Vint le roy des Rommains en France et fu à Paris, où il fu bien receuz et conjoiz du duc de Berry et du conte d'Armignac, et y séjourna environ XV jours, et de là s'en alla en Engleterre devers le roy, où il fu longuement, en pourçachant le paix des deux roys et royaumes de France et d'Engleterre. Mais il n'y pot riens besongnier et s'en retourna en son pais d'Alemaingne sans riens faire. Et donna aux Liégois pluiseurs franchises et libertez. Et fist en ce voiage de la conté de Savoie une duchié. Et est vray que quant le Roy des Rommains party d'Alemaingne pour aller en France et en Engleterre, il estoit et avoit toujours esté tenant le party contraire du duc de Bourgongne, par le moien du duc Loys de Bavière, frère de la roynne de France, des cardinaulx de Cambray et de saint March, maistre Jehan Garson et autres commis ambaxadeurs du roy de France, par le moien des gouverneurs du royaume. Mais quant ledit roy des Rommains retourna en son dit pais, il estoit tout tourné de la partie dudit duc de Bourgongne par ce que il avait veu et oy en sondit voiage où ledit de Bourgongne euist puissance, car le conte d'Armignac luy avoit dit que se il passoit parmy le pays d'Artois ne ailleurs sur les marches du pays d'iceluy duc de Bourgongne, il le feroit prendre et emprisonner et le tendroit en sa subgection.

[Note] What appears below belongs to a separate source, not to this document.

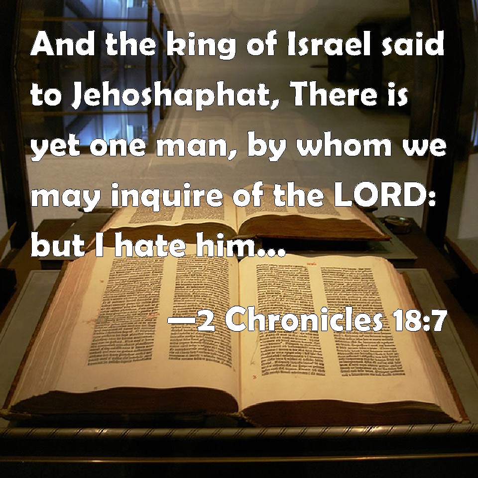 Choose a Background 2 Chronicles 18:7 And the king of Israel said to Jehoshaphat, There is yet one man, by whom we may inquire of the LORD: but I hate him; for he never prophesied good to me, but always evil: the same is Micaiah the son of Imla. And Jehoshaphat said, Let not the king say so. KJV: And the king of Israel said unto Jehoshaphat, There is yet one man, by whom we may inquire of the LORD: but I hate him; for he never prophesied good unto me, but always evil: the same is Micaiah the son of Imla. And Jehoshaphat said, Let not the king say so. DRB: And the king of Israel said to Josaphat: There is one man, of whom we may ask the will of the Lord: but I hate him, for he never prophesieth good to me, but always evil: and it is Micheas the son of Jemla. And Josaphat said: Speak not thus, O king. DBT: And the king of Israel said to Jehoshaphat, There is yet one man by whom we may inquire of Jehovah; but I hate him, for he prophesies no good concerning me, but always evil: it is Micah the son of Imlah. And Jehoshaphat said, Let not the king say so. ERV: And the king of Israel said unto Jehoshaphat, There is yet one man by whom we may inquire of the LORD: but I hate him; for he never prophesieth good concerning me, but always evil: the same is Micaiah the son of Imla. And Jehoshaphat said, Let not the king say so. WBT: And the king of Israel said to Jehoshaphat, There is yet one man, by whom we may inquire of the LORD: but I hate him; for he never prophesieth good to me, but always evil: the same is Micaiah the son of Imla. And Jehoshaphat said, Let not the king say so. WEB: The king of Israel said to Jehoshaphat, "There is yet one man by whom we may inquire of Yahweh; but I hate him, for he never prophesies good concerning me, but always evil. He is Micaiah the son of Imla." Jehoshaphat said, "Don't let the king say so." YLT: And the king of Israel saith unto Jehoshaphat, 'Still — one man to seek Jehovah from him, and I — I have hated him, for he is not prophesying concerning me of good, but all his days of evil, he is Micaiah son of Imlah;' and Jehoshaphat saith, 'Let not the king say so.'Links 2 Chronicles 18:7 NIV • 2 Chronicles 18:7 NLT • 2 Chronicles 18:7 ESV • 2 Chronicles 18:7 NASB • 2 Chronicles 18:7 KJV • 2 Chronicles 18:7 Interlinear • 2 Chronicles 18:7 Commentaries • 2 Chronicles 18:7 Parallel Texts • 2 Chronicles 18:7 Bible Apps • 2 Chronicles 18:7 Parallel • Bible Hub |
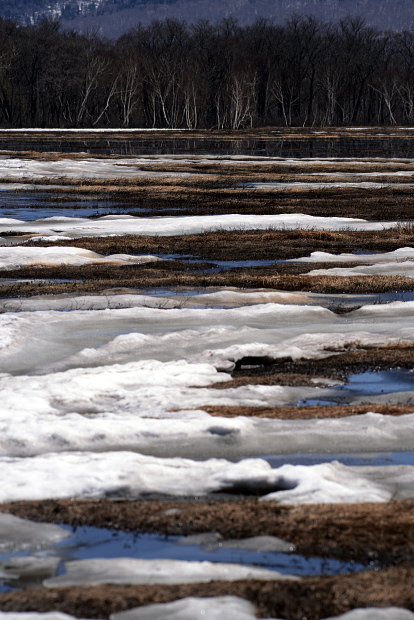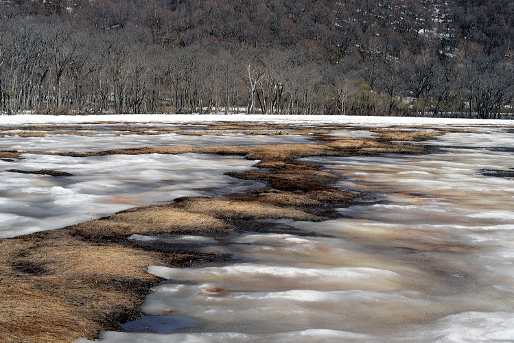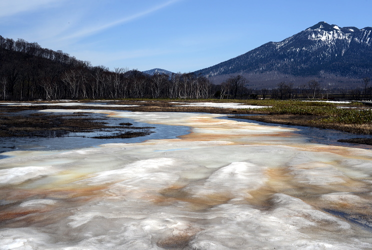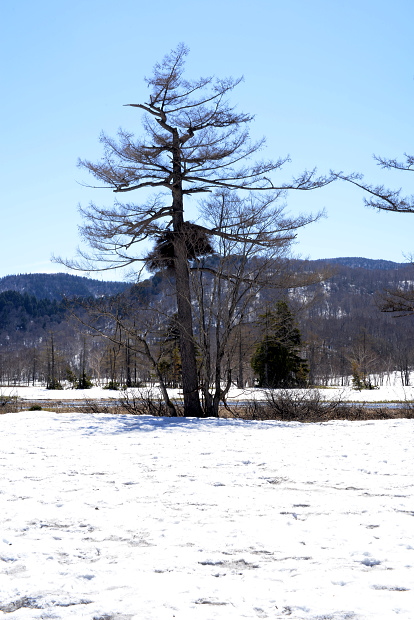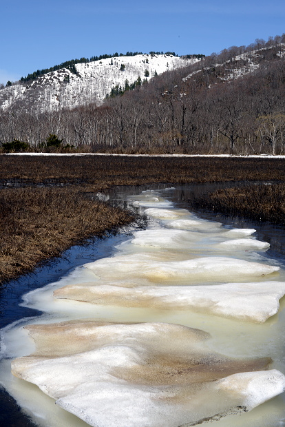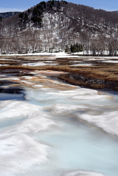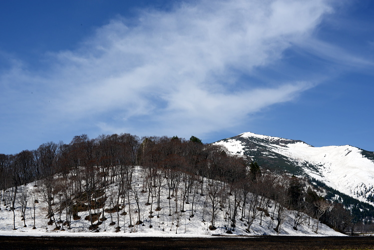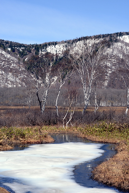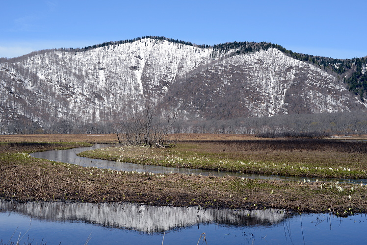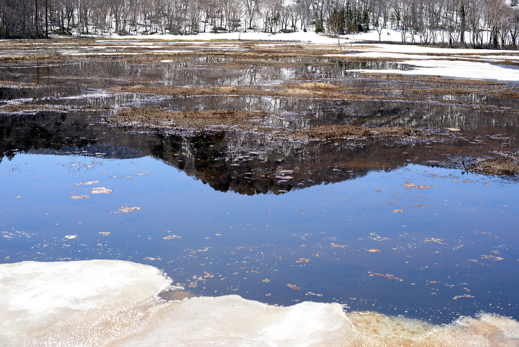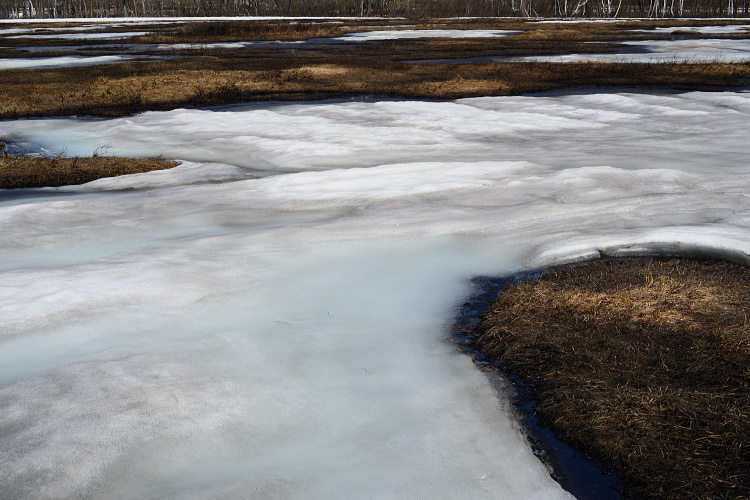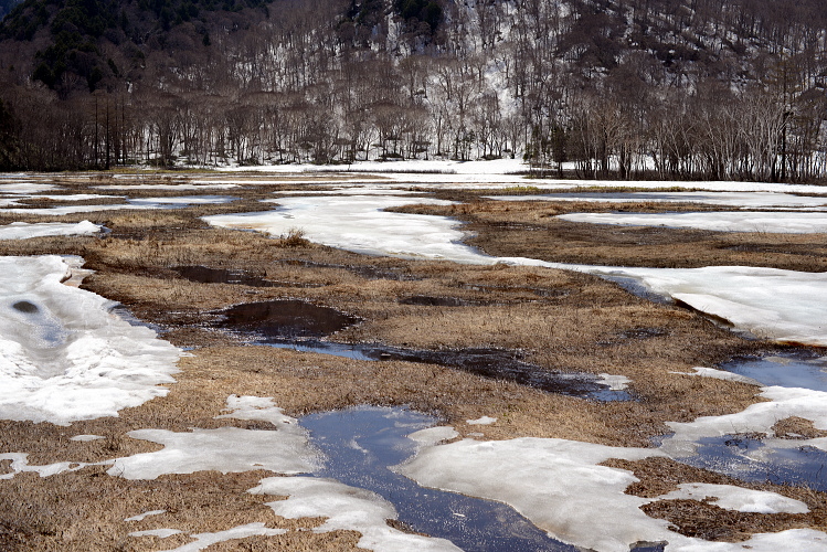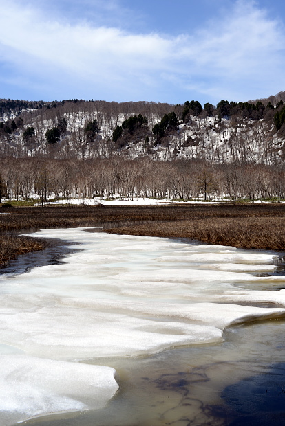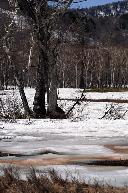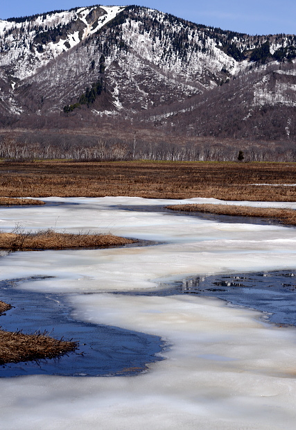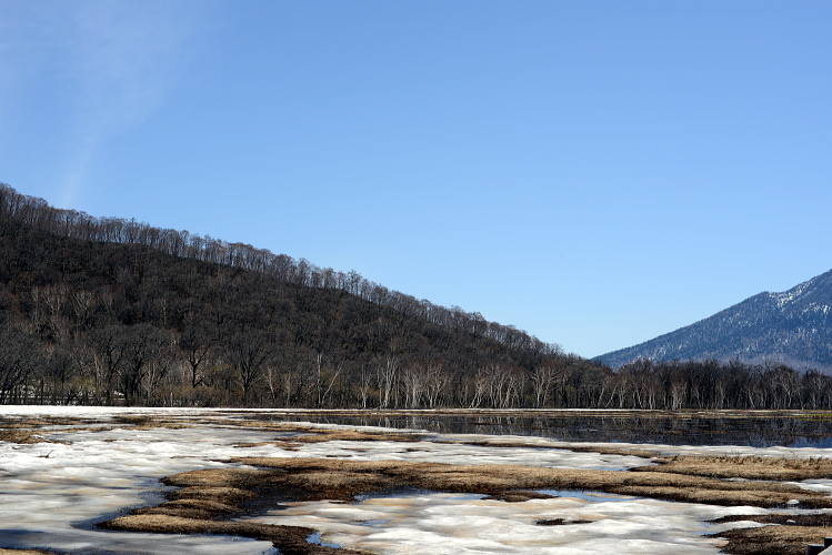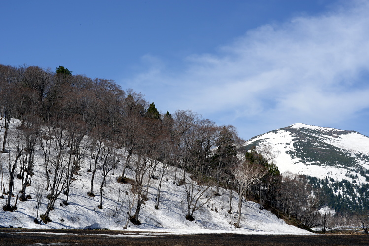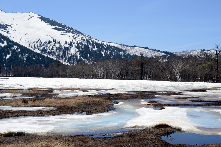 尾瀬ヶ原と言っても、雪解けは一様ではなく雪原として残っているところと、まさに融け終わろうとするまばらな所と、すっかり溶けてしまったところと色々です。ここでは雪原がまだ残っているところとその周辺の山の写真です。

En cel an le XIII jour du mois de septembre, à heure de vespres, s'esmurent et rebellerent ceux de Napples contre le roy Jacques, et prirent la royne sa femme en ladicte ville de Napples, et menèrent grosse guerre audit roy et à ceux qui tenoient son party. Et fu prins son connestable et le seigneur de saint Meuriss, beaupère dudit connestable. Et pour mieulx asseur se fist ledit roy mener par ung bringuantin en mer au chastel de l'Euf, et laissa de

en

ses gens en garnison au chastel de Neuf, Et dura celle guerre jusques au XXVIIe jour d'octobre ensievant, que la paix se fist moiennant ce que tous les François estans audit royaume, aians estat ou offices en icelui, s'en partiroient et s'en retourneroient chacun son pais, excepté ceulx qui seroient commis à servir le corps dudit roy, en bien petit nombre. Et après celle paix faicte retourna ledit roy au chastel Neuf et la royne aussi. Auquel chastel lui fu de tous le serement renouvelé de le tenir pour leur roy toute sa vie, sans ce qu'il deuist avoir nul gouvernement dudit royaume, et lui fu son estat ordonné pour sa personne de gens, de chevaulx et d'aultres choses, tout au plaisir d'iceulx Napolitains.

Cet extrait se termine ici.